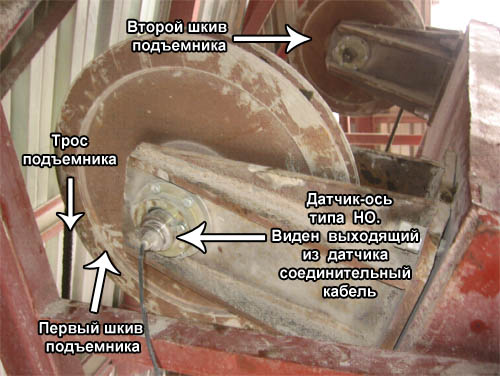 Для взвешивания  скипа штатные  оси  шкивов  подъемника были заменены на датчики  типа «Ось». В  этом случае  сила, измеряемая  датчиком,  пропорциональна  усилию  натяжения  троса, т.е.  весу  скипа.  Коэффициент  пропорциональности  зависит  также  от числа  тросов,  угла  охвата каждого  шкива  тросом,  и  учитывается  при  калибровке  системы.
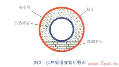供熱管道穿管前,在鋼套管底部用磚砌成419mm高的平臺(tái),平臺(tái)表面抹灰,保證平臺(tái)表面平整。在平臺(tái)上鋪一層1mm厚的鍍鋅鋼板,在供熱管道外護(hù)層外包覆一層0.5mm厚的鍍鋅鋼板保護(hù)供熱管道。穿管結(jié)束后,供熱管道與鋼套管之間通過泥漿泵填充黏土,以保護(hù)供熱管道。供熱管道穿管后截面見圖3。
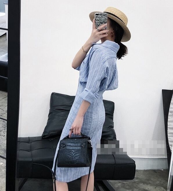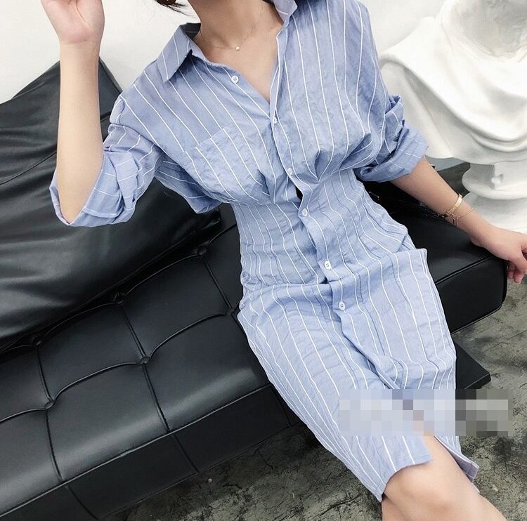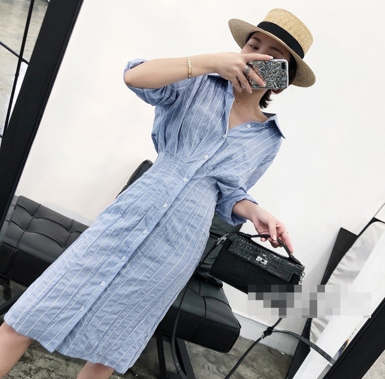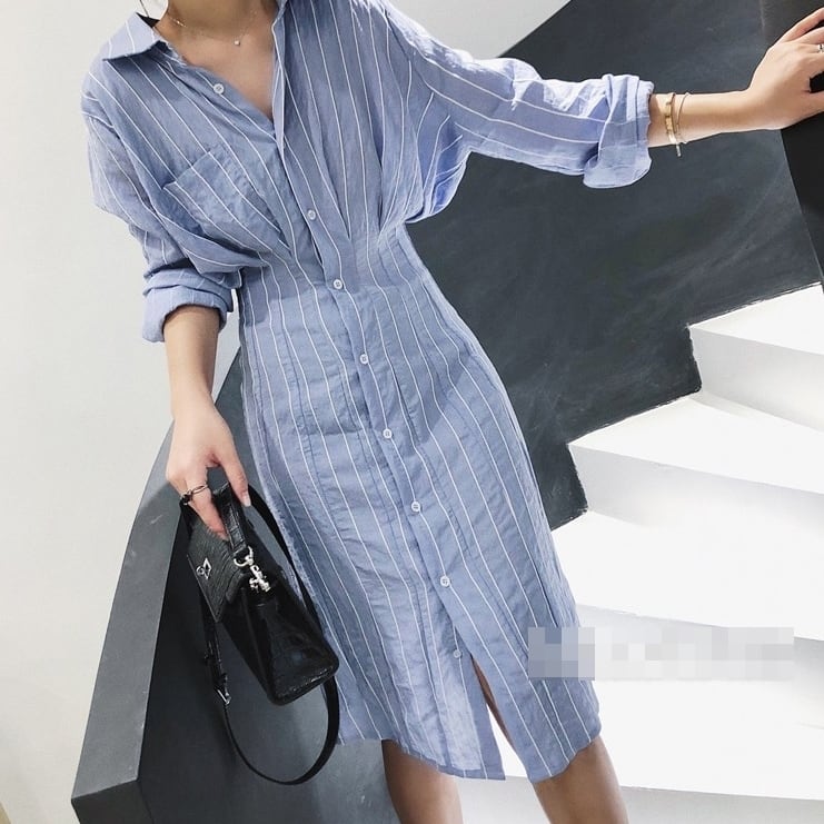 ワンピース シャツワンピース フロントボタン ウエストマーク スリム 長袖 ストライプ ミモレ丈 カジュアル デイリー 大人 レトロ 秋 夏 春
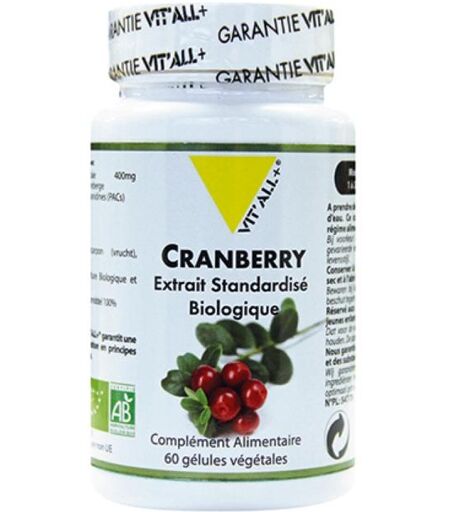 Nom du produit, titre : Cranberry bio (canneberge) extrait standardisé 400mg 60 gélules végétales Code barre (EAN) :3700195620935 Poids du produits (g) :100,00 Nom de la marque : Vitall+ - Un complément alimentaire ne doit... ...
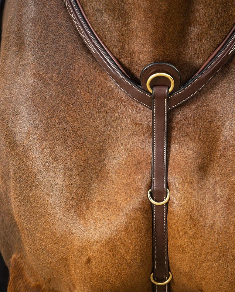 Ce harnais est compatible avec les brides de la collection Dy’on. Il est orné de coutures crème et équipé de boucles couleur cuivre. Le harnais repose librement sur le cou. Pour un confort supplémentaire, un élastique est placé près du point de fixation à la selle. De plus, plusieurs anneaux sont ajoutés pour permettre l’attache facile de rênes auxiliaires à différentes hauteurs. Ce harnais dispose d’un pont réglable des deux côtés. En résumé, c’est le harnais idéal pour le cavalier exigeant.
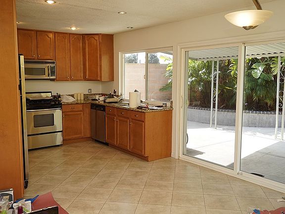 Great Neighborhood in Huntington Beach! Walk to Central Park! Only 1.5 miles to the BEACH Completely upgraded home on a Cul-de-Sac, very quite street. Huge backyard for entertaining! All stainless steel appliances (includes fridge). Newer kitchen cabs with granite counters. Newer travertine looking tile throughout. Newer hardwood floors throughtout. Both bathrooms are upgrades with travertine looking tiles and granite counters! Ceiling fans in all the rooms! Dual paned windows and doors! Absolutely charming home! Washer and dryer in garage are not under warranty.
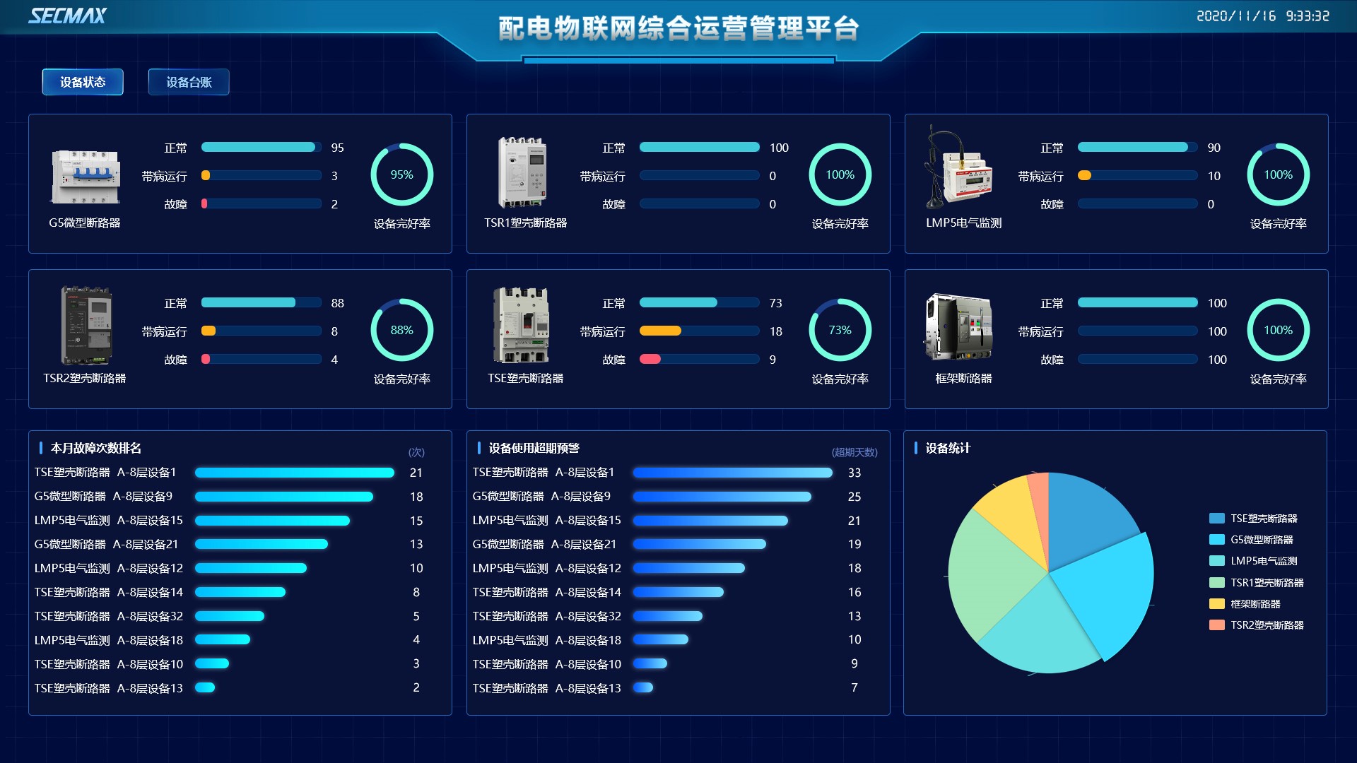 展示各類設(shè)備運(yùn)行狀態(tài)、設(shè)備故障次數(shù)排名、設(shè)備使用超期預(yù)警。

***

### Your task
Leave every picture out. Retype the remaining data exactly.

### Exercise response
 Для взвешивания  скипа штатные  оси  шкивов  подъемника были заменены на датчики  типа «Ось». В  этом случае  сила, измеряемая  датчиком,  пропорциональна  усилию  натяжения  троса, т.е.  весу  скипа.  Коэффициент  пропорциональности  зависит  также  от числа  тросов,  угла  охвата каждого  шкива  тросом,  и  учитывается  при  калибровке  системы.
供熱管道穿管前,在鋼套管底部用磚砌成419mm高的平臺(tái),平臺(tái)表面抹灰,保證平臺(tái)表面平整。在平臺(tái)上鋪一層1mm厚的鍍鋅鋼板,在供熱管道外護(hù)層外包覆一層0.5mm厚的鍍鋅鋼板保護(hù)供熱管道。穿管結(jié)束后,供熱管道與鋼套管之間通過泥漿泵填充黏土,以保護(hù)供熱管道。供熱管道穿管后截面見圖3。
 ワンピース シャツワンピース フロントボタン ウエストマーク スリム 長袖 ストライプ ミモレ丈 カジュアル デイリー 大人 レトロ 秋 夏 春
 Nom du produit, titre : Cranberry bio (canneberge) extrait standardisé 400mg 60 gélules végétales Code barre (EAN) :3700195620935 Poids du produits (g) :100,00 Nom de la marque : Vitall+ - Un complément alimentaire ne doit... ...
 Ce harnais est compatible avec les brides de la collection Dy’on. Il est orné de coutures crème et équipé de boucles couleur cuivre. Le harnais repose librement sur le cou. Pour un confort supplémentaire, un élastique est placé près du point de fixation à la selle. De plus, plusieurs anneaux sont ajoutés pour permettre l’attache facile de rênes auxiliaires à différentes hauteurs. Ce harnais dispose d’un pont réglable des deux côtés. En résumé, c’est le harnais idéal pour le cavalier exigeant.
 Great Neighborhood in Huntington Beach! Walk to Central Park! Only 1.5 miles to the BEACH Completely upgraded home on a Cul-de-Sac, very quite street. Huge backyard for entertaining! All stainless steel appliances (includes fridge). Newer kitchen cabs with granite counters. Newer travertine looking tile throughout. Newer hardwood floors throughtout. Both bathrooms are upgrades with travertine looking tiles and granite counters! Ceiling fans in all the rooms! Dual paned windows and doors! Absolutely charming home! Washer and dryer in garage are not under warranty.
 展示各類設(shè)備運(yùn)行狀態(tài)、設(shè)備故障次數(shù)排名、設(shè)備使用超期預(yù)警。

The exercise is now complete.